Nothing else existed outside of the journey. Days were spent looking for wildlife, cycling past families of elephants-trunk lifted like periscopes to smell us as we rode by. Nights falling asleep, worn but satisfied in a way I have never felt, camped under the brilliant southern starry skies. Day 1 was the first time I rode 60 miles, Day 2 the first time I rode 94 miles. And I rode my first Century across the Makgadikgadi Salt Pans of Botswana. The afternoon heat turned distant cyclists to floating mirages hovering above the road.

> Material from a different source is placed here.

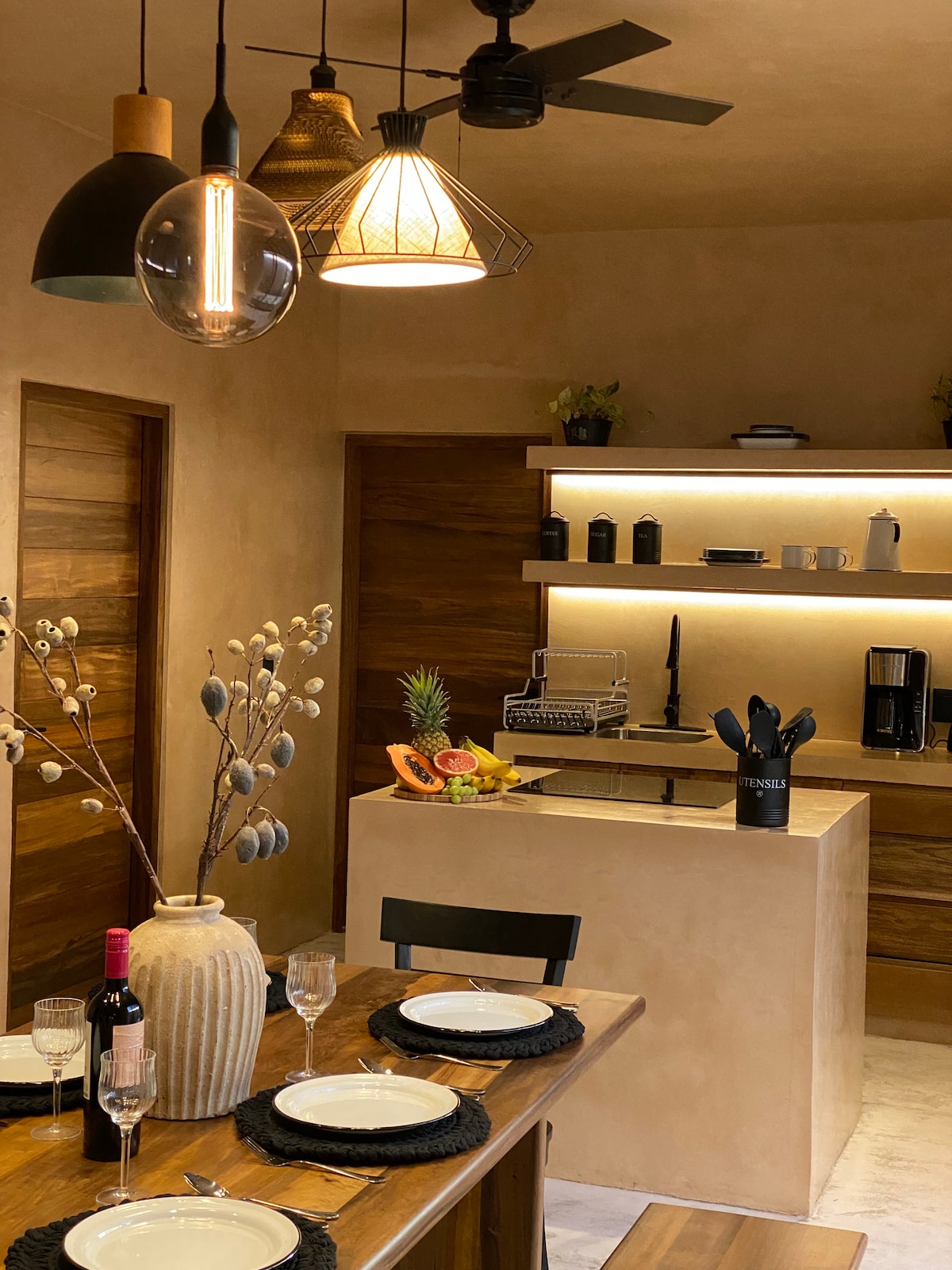 The second floor studio apartment at Hotel & Suites Oasis Bacalar is super practical, while also cozy and charming Your studio apartment has: - A Queen bed situated in a semi-separate area of the apartment - A fully equipped kitchen - Full size fridge, microwave, blender, toaster, plenty of pots/pans and various kitchen equipment - A hardwood dining table - A sitting area with a sofa and table. - A balcony with chairs and table, with view to the pool - Fast wifi - Tv with Roku. - Prime location!

We gave way to warthogs, impala, wild horses, and other wildlife we couldn't always name, along the way. Birds in particular were a mystery with beautiful rainbows of kingfishers and dark, eerie vultures.

Conversations with new best friends passed painful hours under the blazing afternoon sun. This was when saddle blisters became unbearable, so we told stories to distract each other. Counted wildlife seen, anything to distract from the torn flesh. Sunsets in the Kalahari Desert were an intense wash of color and darkness set in almost instantly as if a switch had been turned off. One night when we wild camped under a Baobab a local group of singers driving though came and sang to the spirit of the ancient tree. And we stood with them in the harsh beautiful Botswanan bush, absorbing the magic of it all. And each morning we began it all again, sometimes limping, sometimes sick, generally filthy, but more often than not smiling.

There are so many moments I never would have experienced if I hadn’t had the audacity to take on something well beyond my comfort zone. An adventure with the potential for huge failure has so many gifts, beyond the all to short trip itself. Your audacious adventure will be different than mine. Go find yours, and let me know what it is. I’m looking for my next one! And the one after that. I left the crew in Windhoek with great sadness, but I know there are many more adventures to come.